Nova Cartografia Social Da Amazônia

A DESINTERDIÇÃO DO SAGRADO PROFANADO: LIMPEZA DO CEMITÉRIO DA COMUNIDADE QUILOMBOLA N. SRA. DA BATALHA, NO ALTO RIO ACARÁ, EM 24/10/2021


Momento de Oração – próximo à sepultura de D. Colodina, Cemitério da comunidade Nossa Senhora da Batalha

24 de outubro de 2021 representou um divisor de águas na luta pela restituição do território etnicamente configurado do Alto Acará, face ao significado político e simbólico da abertura de espaços sagrados anteriormente interditados, violados, profanados.
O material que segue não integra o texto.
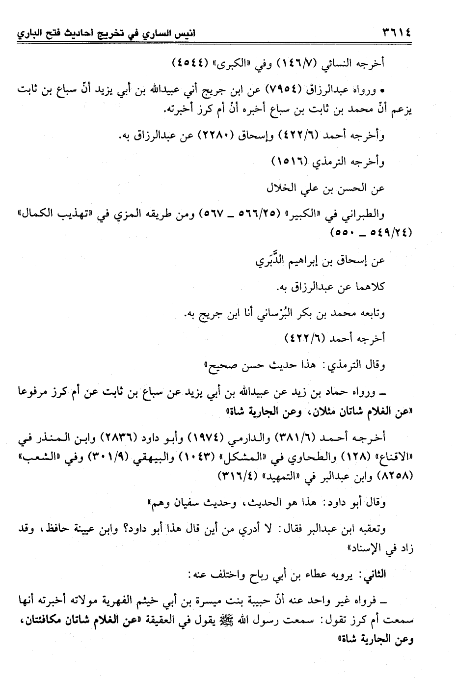 - ورواه حماد بن زيد عن عبيد الله بن أبي يزيد عن سباع بن ثابت عن أم كرز مرفوعا "عن الغلام شاتان مثلان، وعن الجارية شاة"

Em diálogo com apontamentos de Jean-Luc Nancy e Franz Fanon, o filosofo Achille Mbembe (2019, p. 70) utiliza o termo declosão para designar a retirada das cercas “de modo que aquilo que estava enclausurado possa emergir e desabrochar”. O autor nos convida a imaginar novas formas de pensar, novas possibilidades de reinventar um outro mundo que viabilizem um novo jeito de fazer-se humano – uma nova humanidade e, um dos caminhos para se reposicionar que não seja construído através da hierarquia é feito através das “instâncias de cura”, o processo de reconstrução da imagem desumanizada produzida pela racionalidade colonial acerca de corpos negros africanos e seus descendentes. Para o autor, a instância de cura é caracterizada pelas práticas coletivas e políticas reparadoras que produzam uma escalada de humanidade e que colocam os sujeitos outrora subjugados pela razão colonial em posição de dignidade e humanidade.

Declodir, portanto, consiste num ato de autocriação, de ruptura com a “região extraordinariamente estéril e árida”, com a “rampa essencialmente despojada”, para que um “autêntico ressurgimento possa acontecer” (Fanon, 2008, p. 26).

Referida declosão também pode ser inscrita metaforicamente como o despertar dos muzimos, que na cosmogonia banto representam as almas dos mortos. O Alto Acará é um lugar marcado por violações desencadeadas pela plantation do dendê, que se estendem por corpos, territórios, imaginários e ossadas humanas. Corresponde a uma heteronomia que a tudo pretende subsumir, colonizar e controlar. Não obstante, irrompem contestações organizadas a esse esquema de pensamento-ação protagonizadas por agentes sociais autoidentificados como quilombolas, que reivindicam o reconhecimento de seus direitos territoriais e étnicos infringidos secularmente, e drasticamente agravados após a chegada dos megaempreendimentos da dendeicultura no início da década de 1980.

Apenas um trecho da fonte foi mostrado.